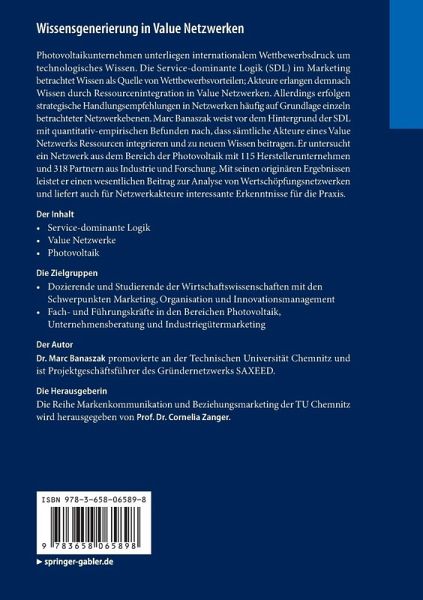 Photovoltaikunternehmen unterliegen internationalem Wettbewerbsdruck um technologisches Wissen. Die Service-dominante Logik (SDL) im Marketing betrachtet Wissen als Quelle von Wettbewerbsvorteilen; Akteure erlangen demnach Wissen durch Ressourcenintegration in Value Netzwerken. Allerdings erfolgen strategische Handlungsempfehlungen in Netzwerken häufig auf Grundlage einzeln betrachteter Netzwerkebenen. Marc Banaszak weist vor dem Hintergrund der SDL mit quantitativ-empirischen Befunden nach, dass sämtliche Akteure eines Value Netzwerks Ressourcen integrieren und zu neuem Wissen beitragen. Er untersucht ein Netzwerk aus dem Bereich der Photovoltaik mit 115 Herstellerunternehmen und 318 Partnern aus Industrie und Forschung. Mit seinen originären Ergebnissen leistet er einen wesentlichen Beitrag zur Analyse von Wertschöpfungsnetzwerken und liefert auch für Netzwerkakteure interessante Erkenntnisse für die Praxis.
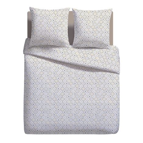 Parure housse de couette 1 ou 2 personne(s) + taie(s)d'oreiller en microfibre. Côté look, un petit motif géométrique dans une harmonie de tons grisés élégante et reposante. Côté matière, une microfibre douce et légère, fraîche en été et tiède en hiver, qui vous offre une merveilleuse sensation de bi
* * *
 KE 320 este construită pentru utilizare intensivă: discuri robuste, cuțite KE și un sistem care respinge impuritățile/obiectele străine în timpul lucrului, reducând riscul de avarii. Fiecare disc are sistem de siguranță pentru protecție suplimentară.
==
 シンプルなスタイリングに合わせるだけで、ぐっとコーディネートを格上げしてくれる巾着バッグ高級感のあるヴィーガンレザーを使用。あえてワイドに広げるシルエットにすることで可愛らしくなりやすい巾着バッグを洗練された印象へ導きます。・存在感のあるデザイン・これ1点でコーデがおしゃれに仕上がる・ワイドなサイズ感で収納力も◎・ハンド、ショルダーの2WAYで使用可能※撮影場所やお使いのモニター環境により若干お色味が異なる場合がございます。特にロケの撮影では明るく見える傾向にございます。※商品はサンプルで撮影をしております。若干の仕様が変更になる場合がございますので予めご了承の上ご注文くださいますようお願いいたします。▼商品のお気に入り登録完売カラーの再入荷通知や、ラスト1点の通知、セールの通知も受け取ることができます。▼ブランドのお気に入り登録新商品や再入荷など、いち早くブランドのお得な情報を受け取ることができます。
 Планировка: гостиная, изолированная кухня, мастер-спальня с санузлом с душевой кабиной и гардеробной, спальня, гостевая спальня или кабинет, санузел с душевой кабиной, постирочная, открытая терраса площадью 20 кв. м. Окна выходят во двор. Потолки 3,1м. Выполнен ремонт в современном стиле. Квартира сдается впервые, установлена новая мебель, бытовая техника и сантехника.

**Exercise instructions:**
Give back exactly the lines above, from the line containing "シンプルなスタイリングに合わ" through the line containing "Планировка: гостиная, изолированная", with both end lines and nothing more.

**Completed task:**
 シンプルなスタイリングに合わせるだけで、ぐっとコーディネートを格上げしてくれる巾着バッグ高級感のあるヴィーガンレザーを使用。あえてワイドに広げるシルエットにすることで可愛らしくなりやすい巾着バッグを洗練された印象へ導きます。・存在感のあるデザイン・これ1点でコーデがおしゃれに仕上がる・ワイドなサイズ感で収納力も◎・ハンド、ショルダーの2WAYで使用可能※撮影場所やお使いのモニター環境により若干お色味が異なる場合がございます。特にロケの撮影では明るく見える傾向にございます。※商品はサンプルで撮影をしております。若干の仕様が変更になる場合がございますので予めご了承の上ご注文くださいますようお願いいたします。▼商品のお気に入り登録完売カラーの再入荷通知や、ラスト1点の通知、セールの通知も受け取ることができます。▼ブランドのお気に入り登録新商品や再入荷など、いち早くブランドのお得な情報を受け取ることができます。
 Планировка: гостиная, изолированная кухня, мастер-спальня с санузлом с душевой кабиной и гардеробной, спальня, гостевая спальня или кабинет, санузел с душевой кабиной, постирочная, открытая терраса площадью 20 кв. м. Окна выходят во двор. Потолки 3,1м. Выполнен ремонт в современном стиле. Квартира сдается впервые, установлена новая мебель, бытовая техника и сантехника.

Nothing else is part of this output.